▸ **DATA EXCERPT**:
--------------------
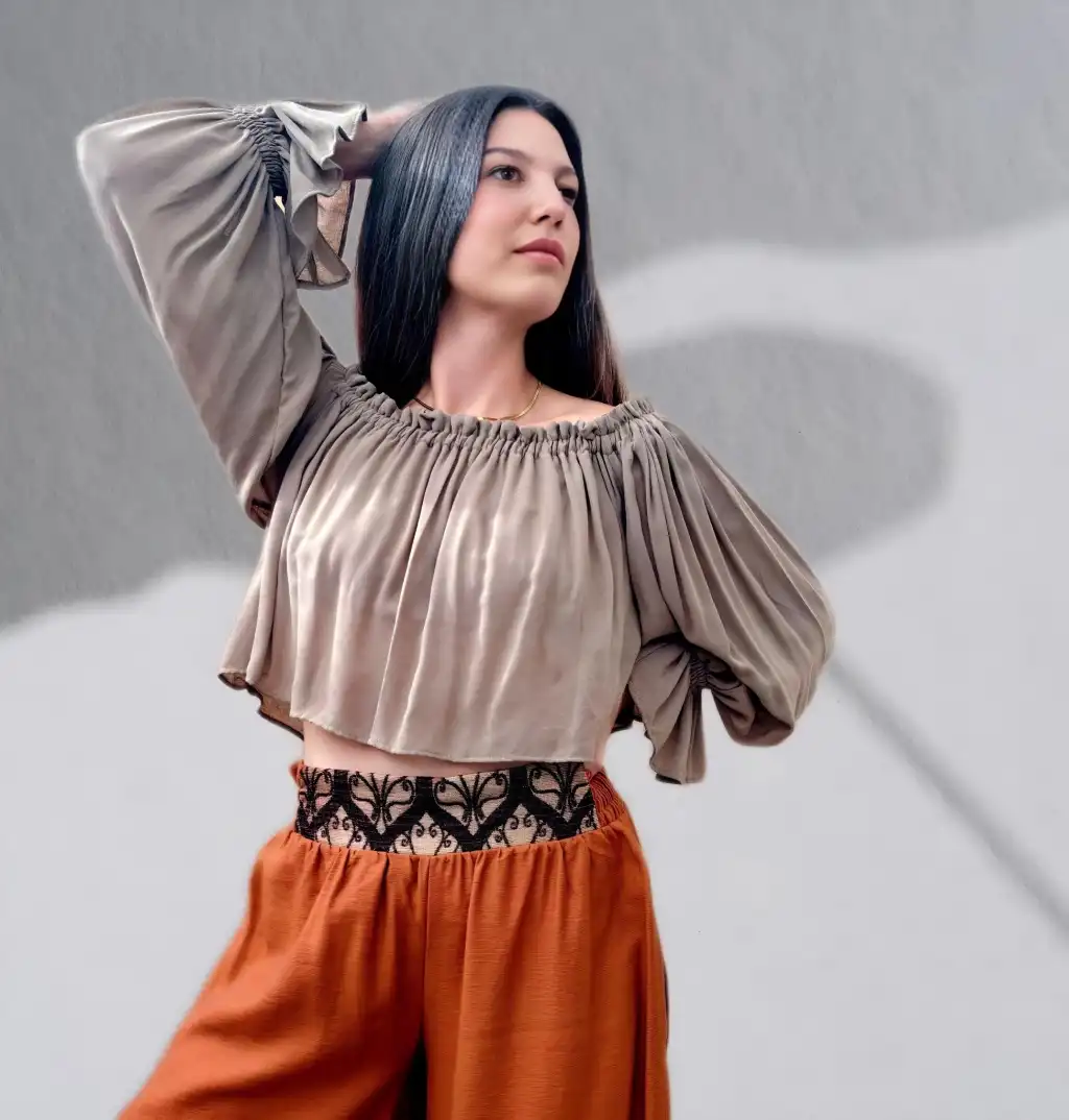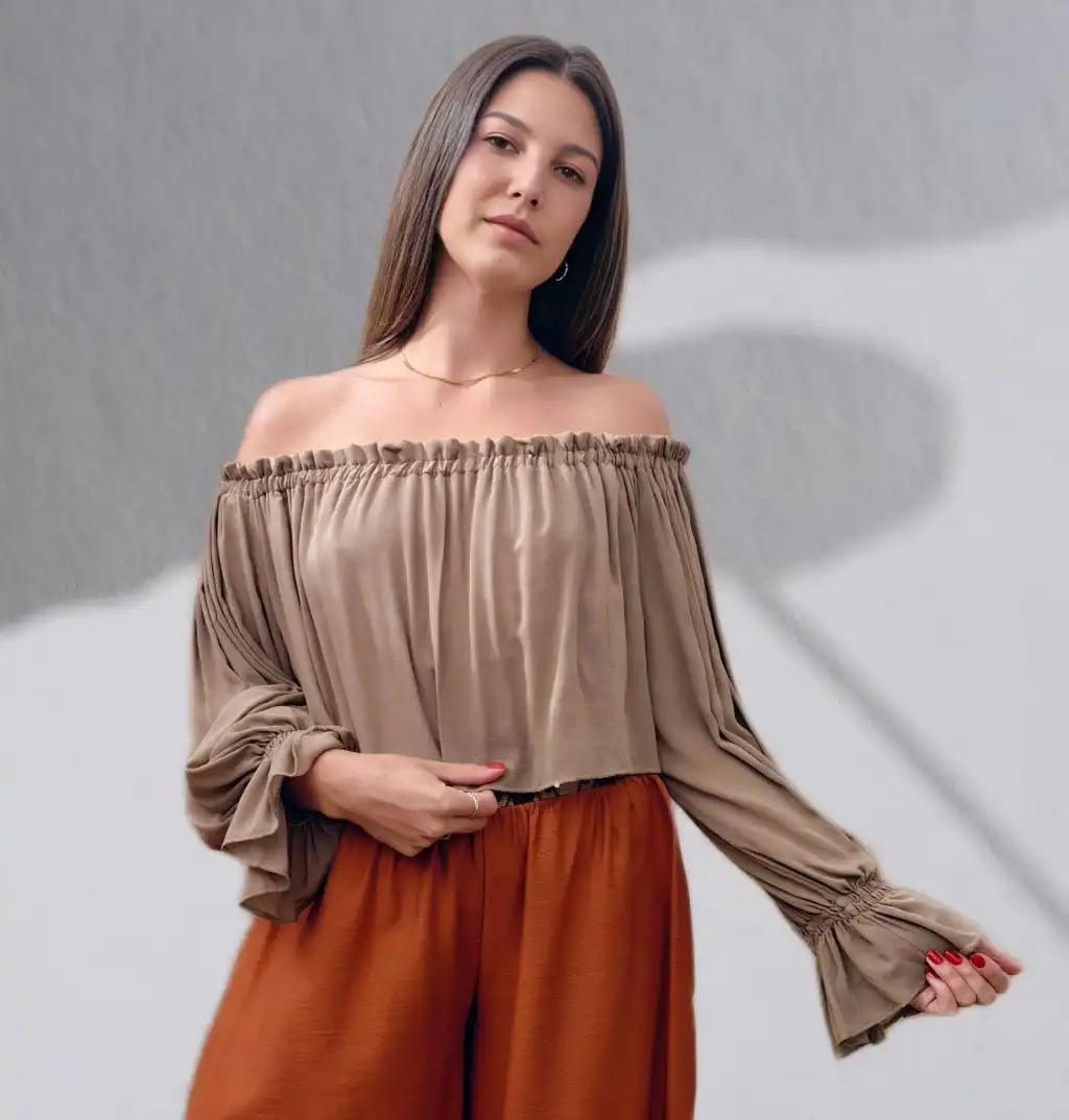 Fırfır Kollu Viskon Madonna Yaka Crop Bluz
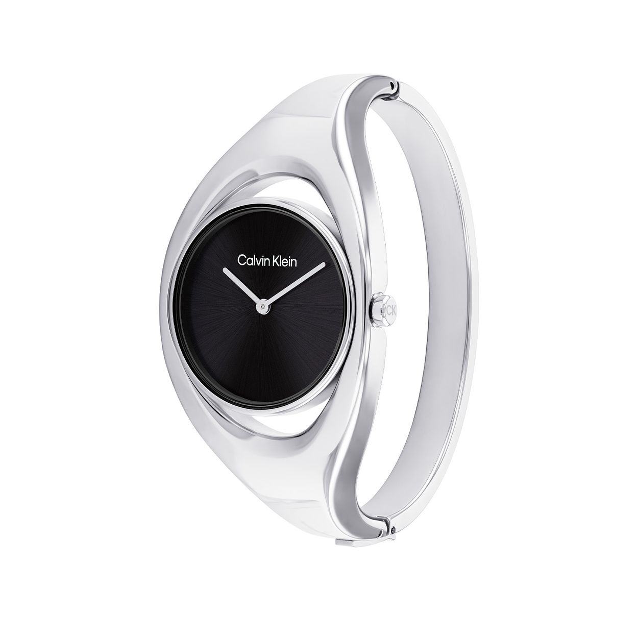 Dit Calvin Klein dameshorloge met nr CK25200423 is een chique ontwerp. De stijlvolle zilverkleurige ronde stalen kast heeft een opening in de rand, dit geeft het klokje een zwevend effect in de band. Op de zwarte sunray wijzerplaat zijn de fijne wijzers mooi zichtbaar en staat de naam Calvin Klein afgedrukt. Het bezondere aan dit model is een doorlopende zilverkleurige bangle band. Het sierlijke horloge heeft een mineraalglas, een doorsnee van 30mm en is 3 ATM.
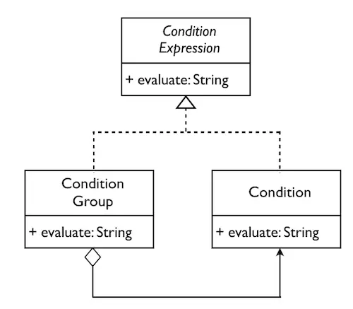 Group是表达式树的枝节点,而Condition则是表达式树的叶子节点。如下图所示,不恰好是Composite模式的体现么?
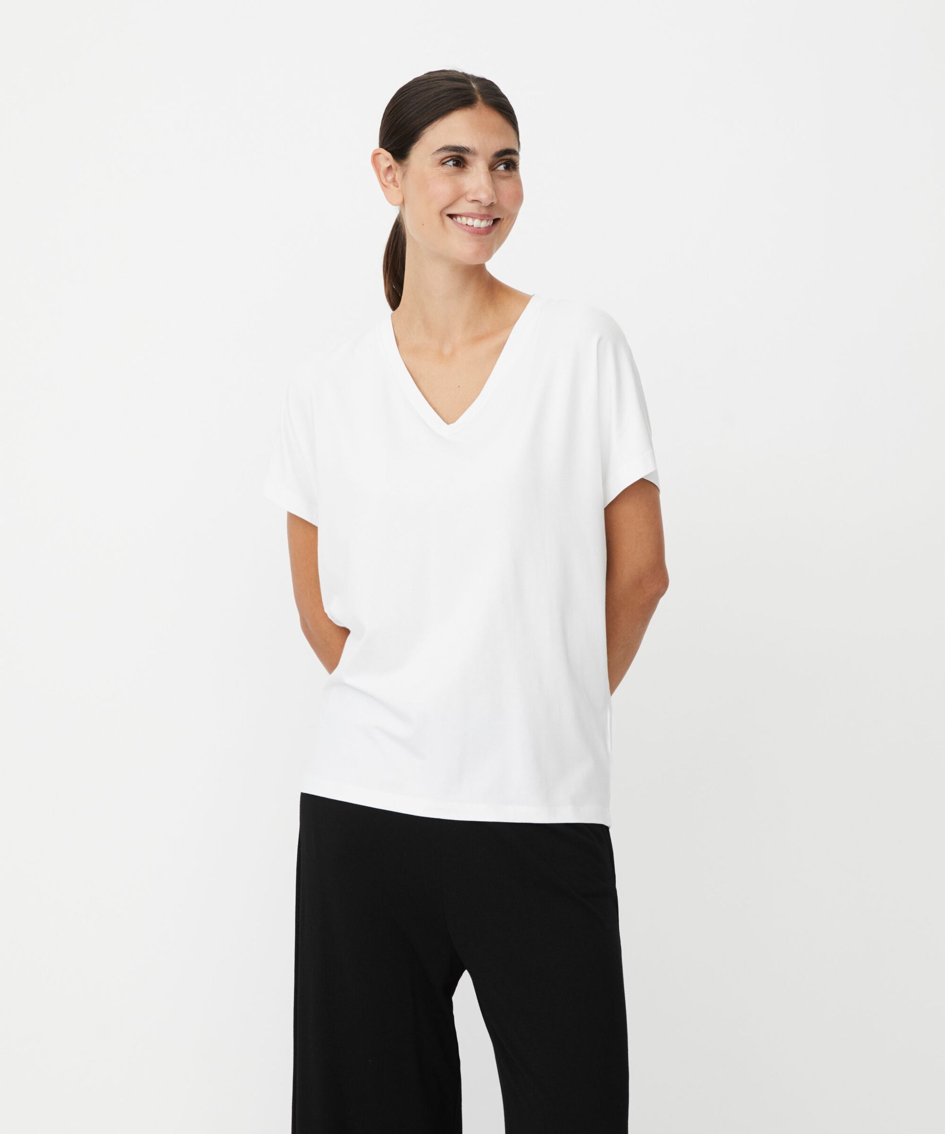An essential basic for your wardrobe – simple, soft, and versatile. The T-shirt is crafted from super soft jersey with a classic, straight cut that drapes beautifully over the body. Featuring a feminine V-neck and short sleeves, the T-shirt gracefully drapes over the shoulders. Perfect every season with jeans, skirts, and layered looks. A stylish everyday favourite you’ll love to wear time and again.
--------------------
▸ **TASK GOAL**: Without the pictures, please reproduce each line of the listing above exactly, from the first one through the line bearing "Dit Calvin Klein".

▸ **TASK ANSWER**:
 Fırfır Kollu Viskon Madonna Yaka Crop Bluz
 Dit Calvin Klein dameshorloge met nr CK25200423 is een chique ontwerp. De stijlvolle zilverkleurige ronde stalen kast heeft een opening in de rand, dit geeft het klokje een zwevend effect in de band. Op de zwarte sunray wijzerplaat zijn de fijne wijzers mooi zichtbaar en staat de naam Calvin Klein afgedrukt. Het bezondere aan dit model is een doorlopende zilverkleurige bangle band. Het sierlijke horloge heeft een mineraalglas, een doorsnee van 30mm en is 3 ATM.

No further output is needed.